Tom Clancys Ghost Recon Breakpoint

 Tom Clancys Ghost Recon Breakpoint 



Tom Clancy’s The Division 2 is a game about shooting people and running around picking things up. Is the story too political? Is it apolitical? Different people are likely to see different things, and everything about the game’s story is going to be contrived when the essential action is becoming an American agent operating on American soil shooting American citizens.

But it’s so easy to overlook the game’s forgettable story when the moment-to-moment action is so damn good.

The simplest random encounter in The Division 2, single-player or multiplayer, can turn into an all-out fight to survive. I try to play it like a cover shooter, but the AI brilliantly, and relentlessly, forces me out of that cover using hand grenades, suicidal rushers waving metal batons, or enemies circling me with an antagonizing skip-to-my-lou dance.

There is no way to overpower my adversaries by stats or grinding alone. My two options, from level 3 to level 30, are either to git gud or get help. And getting help, from the AI or other humans, is where I find the heart of the game.

NPCs are much more involved and effective than their Big Apple predecessors in the first Division game. I work with civilian settlements whose residents fight, with real guts, to retake city blocks and intersections. In one firefight I was holding on for dear life behind an algae-blooming fountain, waiting to see a sniper’s flashlight so I knew where to aim, when two friendlies ran up and shot the bastard like a rabid dog.

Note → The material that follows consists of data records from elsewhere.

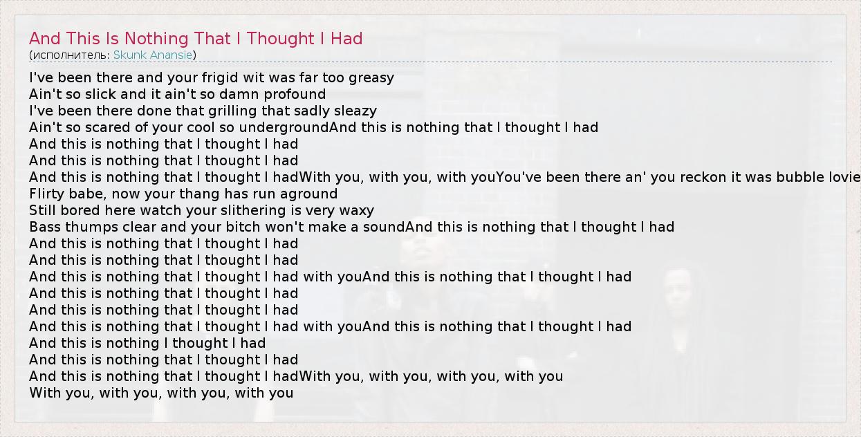 I've been there and your frigid wit was far too greasy Ain't so slick and it ain't so damn profound I've been there done that grilling that sadly sleazy Ain't so scared of your cool so undergroundAnd this is nothing that I thought I had And this is nothing that I thought I had And this is nothing that I thought I had And this is nothing that I thought I hadWith you, with you, with youYou've been there an' you reckon it was bubble lovie Flirty babe, now your thang has run aground Still bored here watch your slithering is very waxy Bass thumps clear and your bitch won't make a soundAnd this is nothing that I thought I had And this is nothing that I thought I had And this is nothing that I thought I had And this is nothing that I thought I had with youAnd this is nothing that I thought I had And this is nothing that I thought I had And this is nothing that I thought I had And this is nothing that I thought I had with youAnd this is nothing that I thought I had And this is nothing I thought I had And this is nothing that I thought I had And this is nothing that I thought I hadWith you, with you, with you, with you With you, with you, with you, with you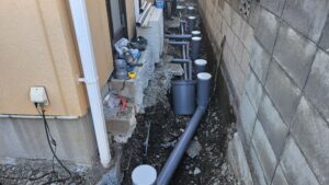 久しぶりにお世話になります(笑)今回は施行事例として地元熊谷市内にて排水、切り替え工事を施行致しましたので紹介致します。排水切り替え工事とは浄化槽を廃止して本下水に切り替えると言う工事内容です。今回のお客様宅は排水経路が全てコンクリート土間でした。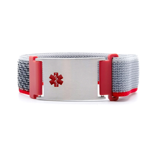 trail loop clásico rojo y gris. Un brazalete de identificación médica habla por usted en una emergencia cuando usted no puede, lo que permite a los socorristas evaluar adecuadamente la situación y cómo tratarlo adecuadamente.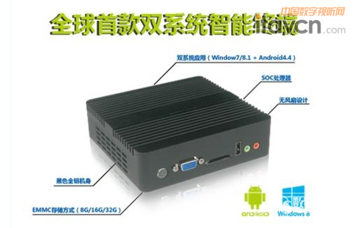 【中國數字視聽網訊】S015是一款內置標準Nano-ITX主板的迷你型終端,黑色系全鋁機身、無風扇設計,搭配Intel最新的Bay Trail系類SOC,板貼EMMC存儲顆粒(16G/32G),是Intel與JWIPC共同設計研發的全球首款完美支持Windows 7/8.1和安卓雙系統的產品。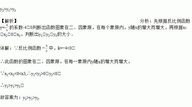 已知(x1,y1)(x2,y2)(x3,y3)是反比例函数y=-的图像上的三个点,且x1<x2<0<x3,则y1、y2、y3的大小关系是______(用“>”连接).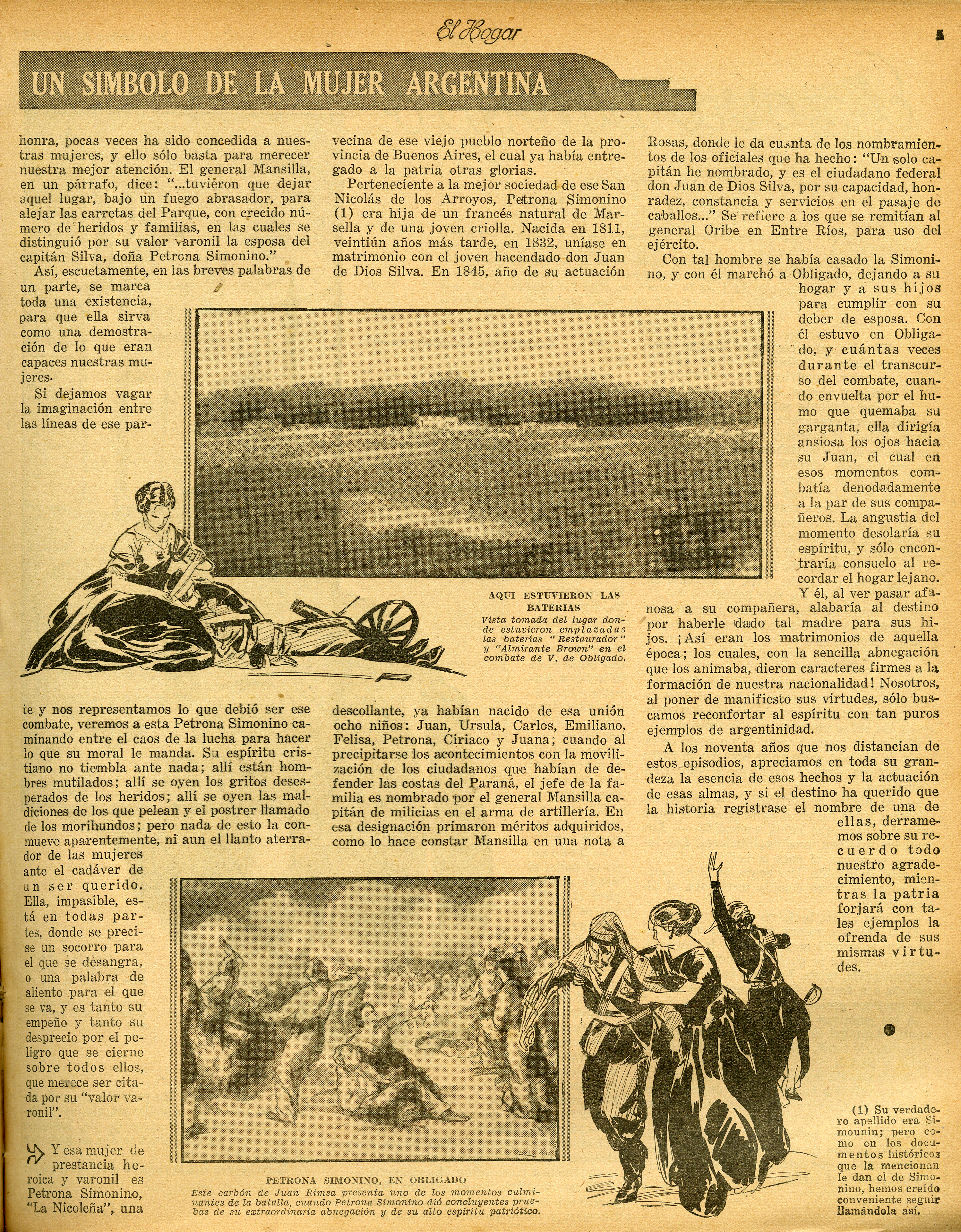 Uno de los primeros registros sobre Petrona Simonino salió publicado en la revista El Hogar en noviembre de 1935. La nota, firmada por Evaristo Ramirez Juárez, tiene la enorme virtud de rescatar del olvido la historia de Petrona, pero lo hace con algunos estereotipos vinculados al modo en que en esa época se concebía el lugar de la mujer.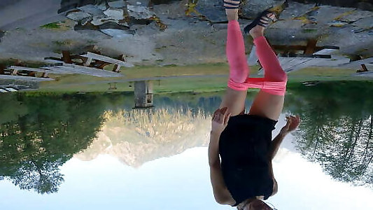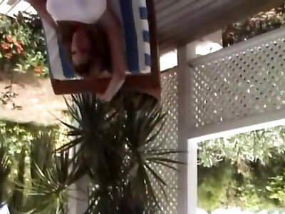 nippleringlover-couguar ultra-pervers se branlant à lextérieur dans la piscine, plongeant des exercices géants dans des tétons percés complètement ouverts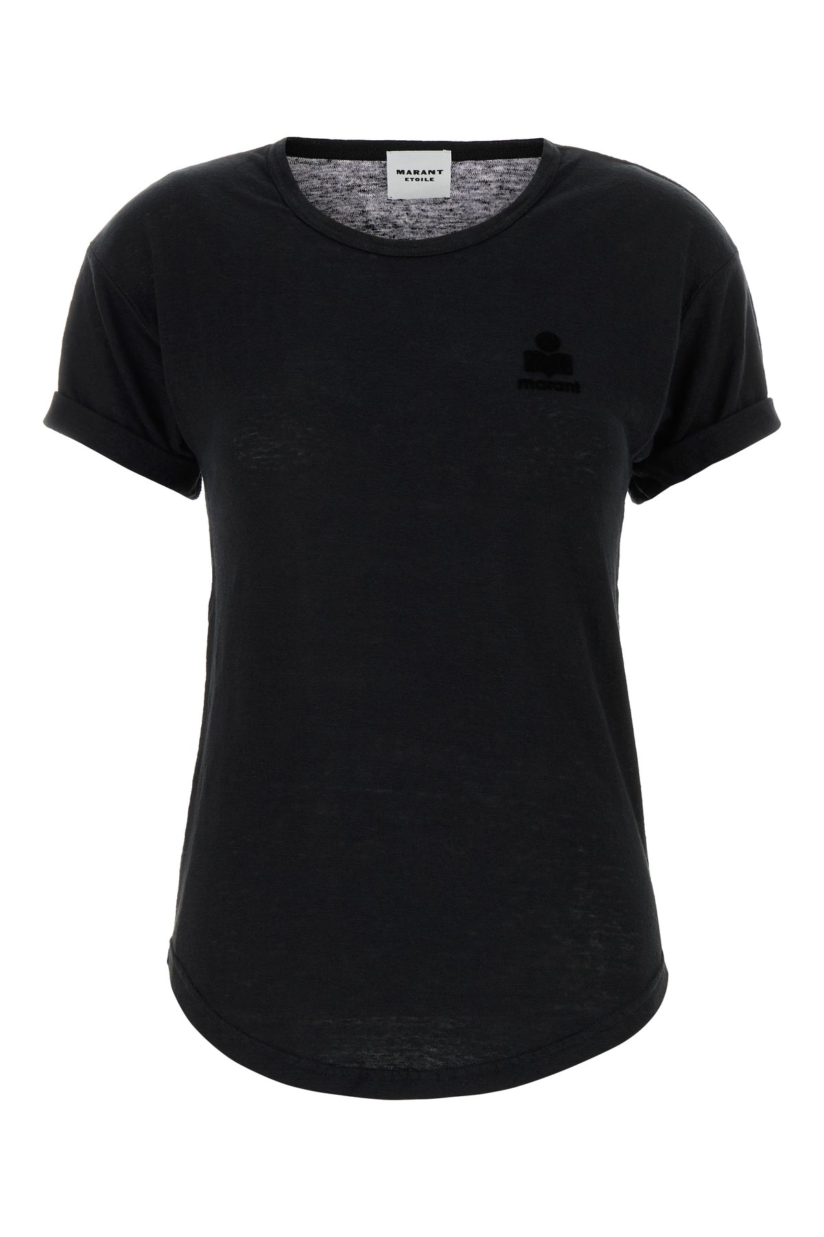 T-shirt realized in pure linen characterized by flocked printed logo on the chest.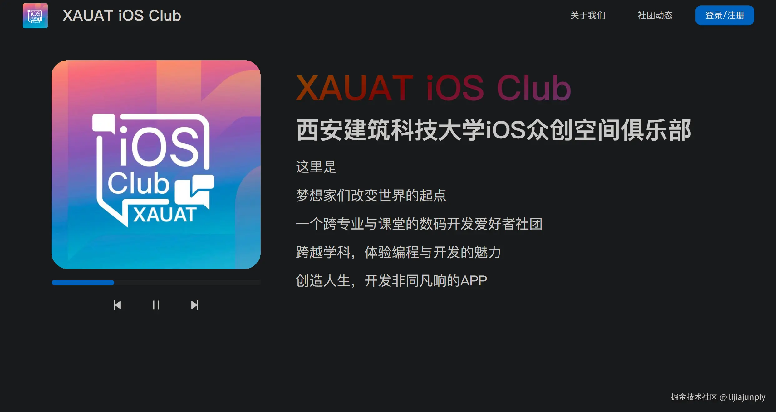 例如西建大iOS Club的官网,目前是没有适配暗黑模式的:

I made up an emergent narrative for them on the spot: Meet Tim and Kim! They, uh, are analysts for the Department of Health and Human Services, and have season tickets for DC United! But what was remarkable was that I was the one drawing fire while Tim and Kim made the final kill. Friendly characters will rush to your aid when you fire a flare to signal the start of a control point battle, and you can always join them in battle if you stumble upon them fighting off one of the game’s enemy factions.

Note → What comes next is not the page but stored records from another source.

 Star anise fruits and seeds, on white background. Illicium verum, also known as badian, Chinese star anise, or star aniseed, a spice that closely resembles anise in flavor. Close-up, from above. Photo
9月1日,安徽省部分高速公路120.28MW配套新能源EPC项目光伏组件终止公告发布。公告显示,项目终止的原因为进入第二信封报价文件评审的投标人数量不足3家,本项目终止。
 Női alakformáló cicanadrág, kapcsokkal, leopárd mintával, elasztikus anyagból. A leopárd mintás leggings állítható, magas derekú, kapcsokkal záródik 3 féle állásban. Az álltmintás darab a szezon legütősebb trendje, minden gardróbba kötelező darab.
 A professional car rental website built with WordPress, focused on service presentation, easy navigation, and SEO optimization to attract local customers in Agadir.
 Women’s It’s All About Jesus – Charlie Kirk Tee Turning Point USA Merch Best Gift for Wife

All that being said, I had to call for human help when I had trouble surviving on my own, and The Division 2 makes that process so, so easy. While cooperative matchmaking in The Division took place inside a safe house well before the action started, The Division 2’s drop-in system places the focus on shared fun. All I have to do, at any point, is call for backup, and backup will usually arrive quickly in the form of a friendly human player. I also get regular reports of agents looking for backup as I patrol the streets, and I often jump into the games of others so I can help. When the notification says the agent is on a named mission, as opposed to free-roaming, I drop everything.



System requirements for The Division 2

Operating system Windows 7 (SP1), Windows 8.1, or Windows 10 (64-bit versions only)
Processor AMD FX 6350, Intel Core i5-2500K, or better (SSE 4.2 and AVX support required)
RAM 8 GB.
Video card AMD R9 280X (3 GB), NVIDIA GeForce GTX 780 (3 GB with Shader Model 5.0+), or better.